Tra la prima parte parte e la seconda ci sono molte variazioni dal punto di vista stilistico. Partendo dalla scelta delle inquadrature fino ad arrivare alla fotografia. Cosa volevi restituire? 

L’allargamento dello sguardo è quello che succede letteralmente. Nella prima parte, il film chiede allo spettatore di stare con Ismail, di mettersi in ascolto delle sue telefonate, poi man mano che la storia procede, con i suoi misteri, con i suoi svelamenti, tutto quello che prima era fuori dall’inquadratura entra e prende la scena. Durante il viaggio verso la sua famiglia, Ismail diventa parte di una moltitudine, si unisce alla sua gente. Per restituire questo sentimento era necessario prendere una giusta distanza e dare il giusto spazio al contesto. Ismail è accolto da una terra nella quale vive uno spaesamento. Per esprimere tutto questo serviva un viaggio anche visivo e Nina è un personaggio chiave perché il suo punto di vista ci aiuta a fare questo passaggio.

L’opera è un perfetto connubio tra realtà e finzione. Come hai lavorato su questo aspetto? 

Tutto, nel film, è il risultato di un dialogo ininterrotto tra realtà e finzione. A partire dalla scrittura. La sceneggiatura è infatti frutto di un balzo in avanti rispetto alla storia vera. E la messa in scena è il frutto dell’incontro tra il copione e l’autenticità dei sentimenti e del vissuto degli interpreti. Parlando degli attori non professionisti, sia Basir Ahang che Dawood Yousefi hanno basato il loro lavoro sulla memoria fisica ed emotiva dei sentimenti che vengono raccontati nel film, perché ciascuno vedeva rispecchiata la propria storia e quella della propria generazione. Per inventare un mondo in cui tutto è coerente, il lavoro che devi fare è molto delicato. Da un lato, nel film non c’è un approccio “naturalistico” e noi non possiamo dire che Basir e Dawood interpretano sé stessi. Infatti prima di andare sul set abbiamo fatto prove e training per molti mesi, perché ognuno si è dovuto impossessare del modo di pensare del personaggio che non corrisponde al proprio. Dall’altro, chi è attore professionista si deve accordare come uno strumento musicale con il lavoro degli attori non professionisti. E questo è stato anche il lavoro dell’attrice croata Tihana Lazovic. Poi ci sono le scene girate in Iran con la popolazione hazara: ciascuna delle persone che ha partecipato alle riprese ha vissuto, nella propria vita, gli episodi messi in scena nel film.

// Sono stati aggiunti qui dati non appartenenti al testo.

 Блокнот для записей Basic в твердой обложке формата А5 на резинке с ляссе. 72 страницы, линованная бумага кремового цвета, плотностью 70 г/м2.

In Sembra mio figlio, la madre è una protagonista invisibile ma costantemente presente. 

La madre di Ismail è condannata all’invisibilità dalla propria condizione esistenziale, materiale e sociale. Il figlio maschio sopravvissuto ci porta da lei. È lui il ponte che noi spettatori dobbiamo attraversare per andare nel territorio inesplorato dove si trova la madre. Il racconto è infatti un viaggio verso ciò che è nascosto, e la madre di Ismail, come tutte le madri, fa parte di questo mondo inaccessibile, privo persino del diritto ad essere rappresentato.

L’opera parte da una vicenda personale ma arriva a parlare del popolo hazara e del fenomeno migratorio. Lo consideri un film socio-politico? 

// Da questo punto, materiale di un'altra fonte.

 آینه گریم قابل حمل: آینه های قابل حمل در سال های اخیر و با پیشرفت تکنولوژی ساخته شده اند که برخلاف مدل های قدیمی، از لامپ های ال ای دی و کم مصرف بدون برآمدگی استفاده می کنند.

Penso che ogni film può essere definito politico nel momento in cui esprime un punto di vista sul mondo. E il mio film sicuramente è un racconto che muove dal presupposto che apparteniamo tutti al genere umano e che ciascuno di noi ha gli stessi bisogni. Questo è certamente l’espressione di un punto di vista sul mondo. Personalmente direi che è un film di sentimenti.

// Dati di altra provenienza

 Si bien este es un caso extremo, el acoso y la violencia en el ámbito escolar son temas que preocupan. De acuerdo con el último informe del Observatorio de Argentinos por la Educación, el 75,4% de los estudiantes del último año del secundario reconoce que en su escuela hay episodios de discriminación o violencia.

Sembra mio figlio pone molte domande ma dà poche risposte. 

Il film sceglie di non dare risposte là dove la vita ci pone di fronte a domande prive di risposte. È una scelta connaturata alla storia che racconto. Avendo scelto di raccontare la vita di una persona nel solco delle domande più importanti dell’esistenza, dare le risposte sarebbe stato un tradimento.